**What needs to be done:** The copy should hold exactly the lines below from the one that contains "Dzinēja un ātrumkārbas" through the one that contains "Acabado cálido y" and nothing else, so no pictures.

**Input for this task:**
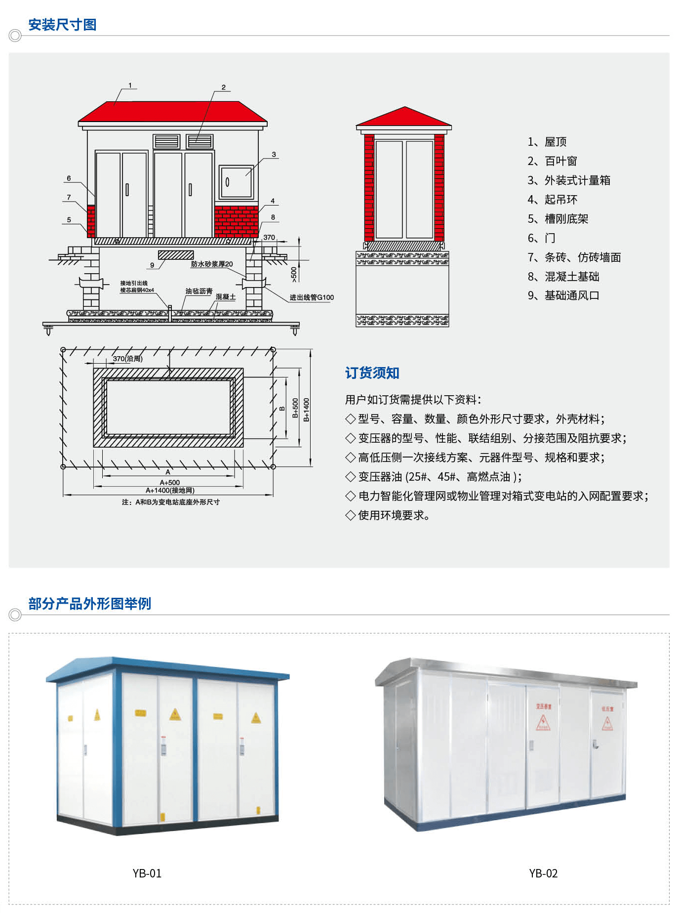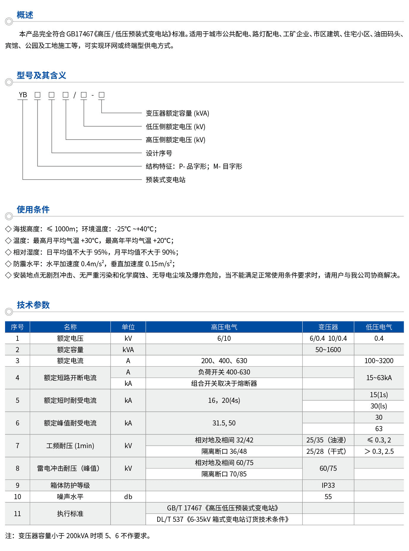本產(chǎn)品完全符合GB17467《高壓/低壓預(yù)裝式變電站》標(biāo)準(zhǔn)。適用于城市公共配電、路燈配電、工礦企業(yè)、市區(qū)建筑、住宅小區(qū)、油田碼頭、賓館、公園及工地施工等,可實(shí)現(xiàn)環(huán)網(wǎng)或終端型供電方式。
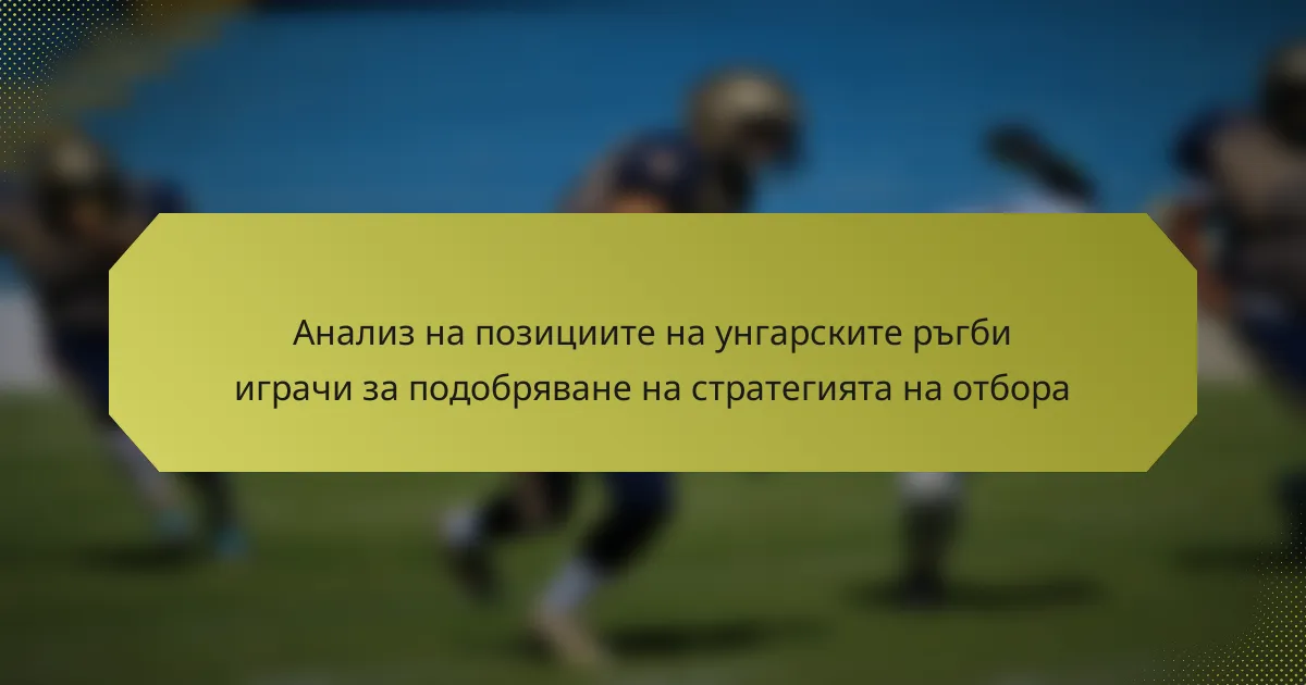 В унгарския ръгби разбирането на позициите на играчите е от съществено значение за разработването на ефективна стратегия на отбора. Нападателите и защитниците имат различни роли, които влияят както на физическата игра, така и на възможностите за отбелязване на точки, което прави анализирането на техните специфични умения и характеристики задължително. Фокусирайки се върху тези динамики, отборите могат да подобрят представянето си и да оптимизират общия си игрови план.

--

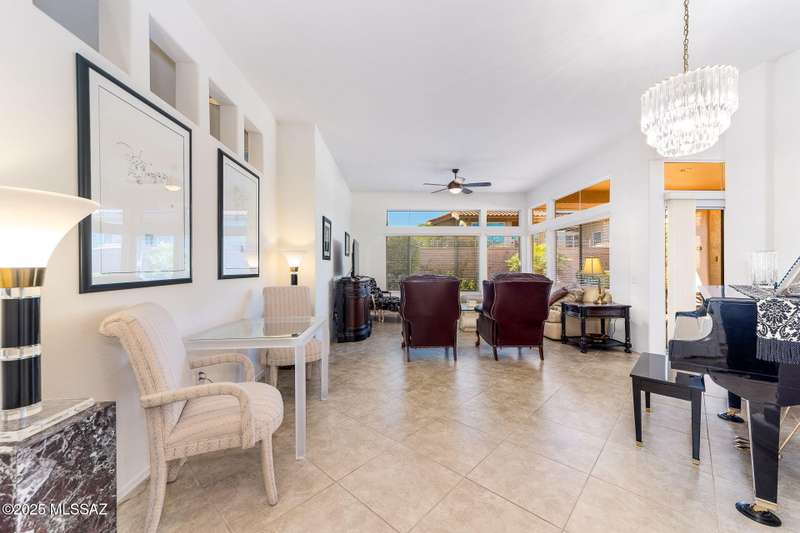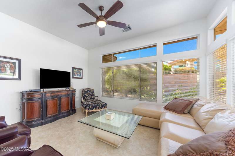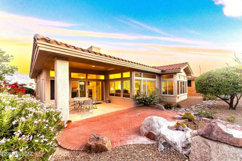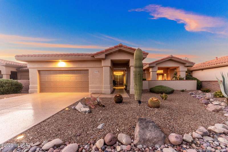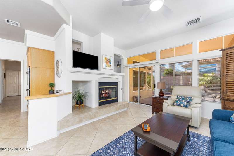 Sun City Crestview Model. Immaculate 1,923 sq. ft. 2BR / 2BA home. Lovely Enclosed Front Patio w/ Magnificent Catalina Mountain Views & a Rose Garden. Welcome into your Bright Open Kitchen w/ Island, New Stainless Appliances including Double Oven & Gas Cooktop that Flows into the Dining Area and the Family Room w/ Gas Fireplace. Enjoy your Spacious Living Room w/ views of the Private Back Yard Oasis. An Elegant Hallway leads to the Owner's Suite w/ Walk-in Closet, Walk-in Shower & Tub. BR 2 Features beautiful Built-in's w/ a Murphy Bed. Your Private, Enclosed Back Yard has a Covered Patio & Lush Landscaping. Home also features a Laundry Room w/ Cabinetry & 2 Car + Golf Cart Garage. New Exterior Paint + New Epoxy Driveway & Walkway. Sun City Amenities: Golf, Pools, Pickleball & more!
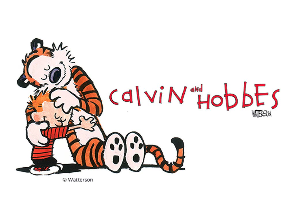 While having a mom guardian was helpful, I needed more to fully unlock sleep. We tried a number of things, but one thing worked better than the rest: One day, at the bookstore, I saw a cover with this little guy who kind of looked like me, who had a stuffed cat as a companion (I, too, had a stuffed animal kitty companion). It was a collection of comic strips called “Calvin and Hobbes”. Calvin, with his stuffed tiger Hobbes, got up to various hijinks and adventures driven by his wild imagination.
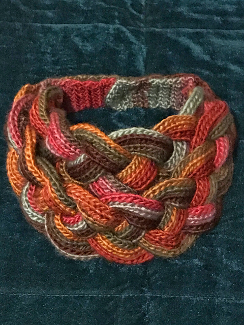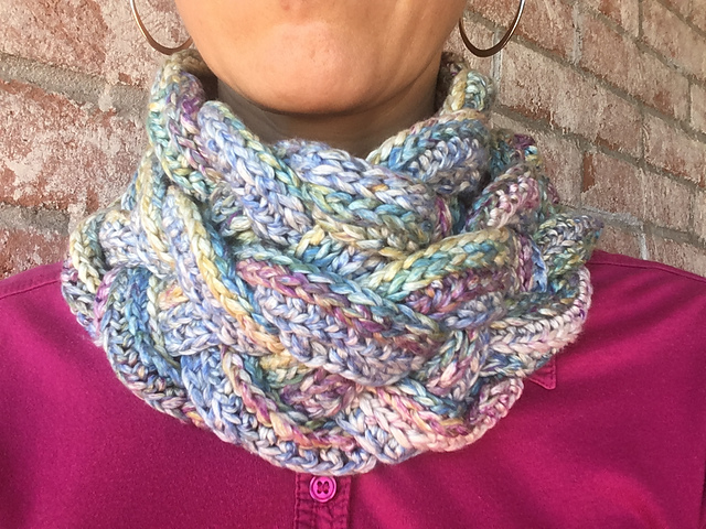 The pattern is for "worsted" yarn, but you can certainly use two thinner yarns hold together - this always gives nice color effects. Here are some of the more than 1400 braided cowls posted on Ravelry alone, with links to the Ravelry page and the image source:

==

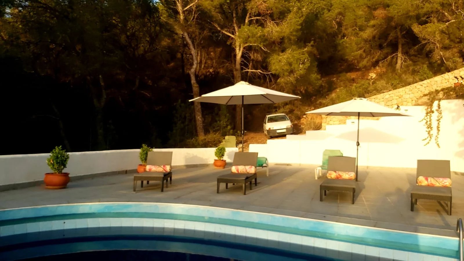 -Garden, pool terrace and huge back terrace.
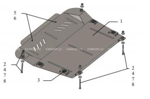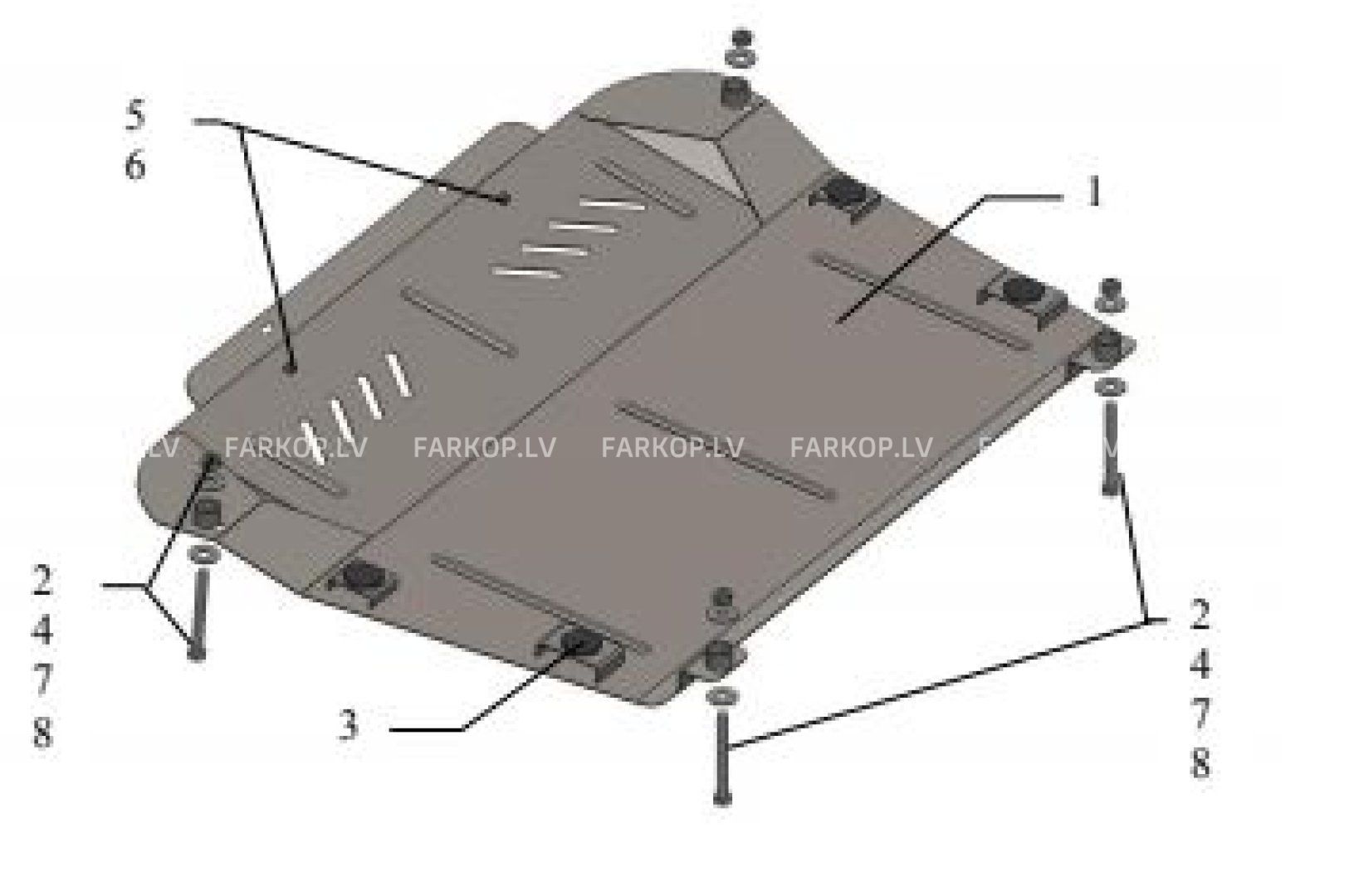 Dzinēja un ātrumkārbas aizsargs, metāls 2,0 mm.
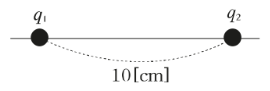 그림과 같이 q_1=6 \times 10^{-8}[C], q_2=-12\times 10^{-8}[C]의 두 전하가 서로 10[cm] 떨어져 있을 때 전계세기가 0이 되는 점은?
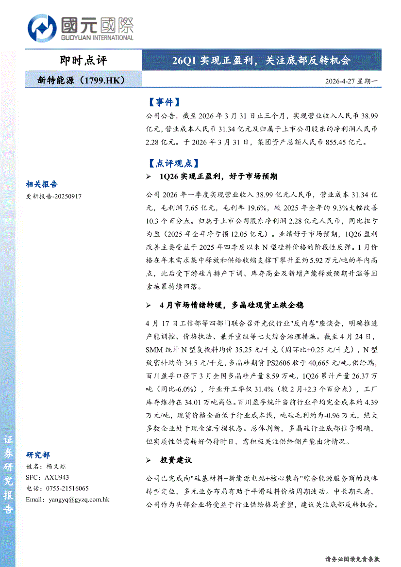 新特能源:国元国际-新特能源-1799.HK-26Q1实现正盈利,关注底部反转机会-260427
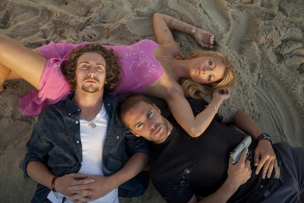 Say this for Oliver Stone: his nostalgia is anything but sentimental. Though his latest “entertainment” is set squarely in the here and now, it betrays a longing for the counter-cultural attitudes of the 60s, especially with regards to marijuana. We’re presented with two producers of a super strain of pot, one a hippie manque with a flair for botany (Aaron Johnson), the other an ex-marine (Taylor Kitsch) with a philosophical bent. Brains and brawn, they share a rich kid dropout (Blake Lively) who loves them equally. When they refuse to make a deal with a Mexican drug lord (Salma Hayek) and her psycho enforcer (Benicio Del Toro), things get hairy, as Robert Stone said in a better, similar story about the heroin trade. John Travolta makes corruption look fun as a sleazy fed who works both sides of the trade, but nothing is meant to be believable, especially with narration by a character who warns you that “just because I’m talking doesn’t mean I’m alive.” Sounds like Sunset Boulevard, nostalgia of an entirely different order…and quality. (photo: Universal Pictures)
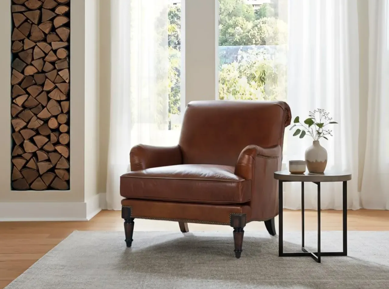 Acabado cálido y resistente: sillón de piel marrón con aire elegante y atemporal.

**Solution for this problem:**
 Dzinēja un ātrumkārbas aizsargs, metāls 2,0 mm.
 그림과 같이 q_1=6 \times 10^{-8}[C], q_2=-12\times 10^{-8}[C]의 두 전하가 서로 10[cm] 떨어져 있을 때 전계세기가 0이 되는 점은?
 新特能源:国元国际-新特能源-1799.HK-26Q1实现正盈利,关注底部反转机会-260427
 Say this for Oliver Stone: his nostalgia is anything but sentimental. Though his latest “entertainment” is set squarely in the here and now, it betrays a longing for the counter-cultural attitudes of the 60s, especially with regards to marijuana. We’re presented with two producers of a super strain of pot, one a hippie manque with a flair for botany (Aaron Johnson), the other an ex-marine (Taylor Kitsch) with a philosophical bent. Brains and brawn, they share a rich kid dropout (Blake Lively) who loves them equally. When they refuse to make a deal with a Mexican drug lord (Salma Hayek) and her psycho enforcer (Benicio Del Toro), things get hairy, as Robert Stone said in a better, similar story about the heroin trade. John Travolta makes corruption look fun as a sleazy fed who works both sides of the trade, but nothing is meant to be believable, especially with narration by a character who warns you that “just because I’m talking doesn’t mean I’m alive.” Sounds like Sunset Boulevard, nostalgia of an entirely different order…and quality. (photo: Universal Pictures)
 Acabado cálido y resistente: sillón de piel marrón con aire elegante y atemporal.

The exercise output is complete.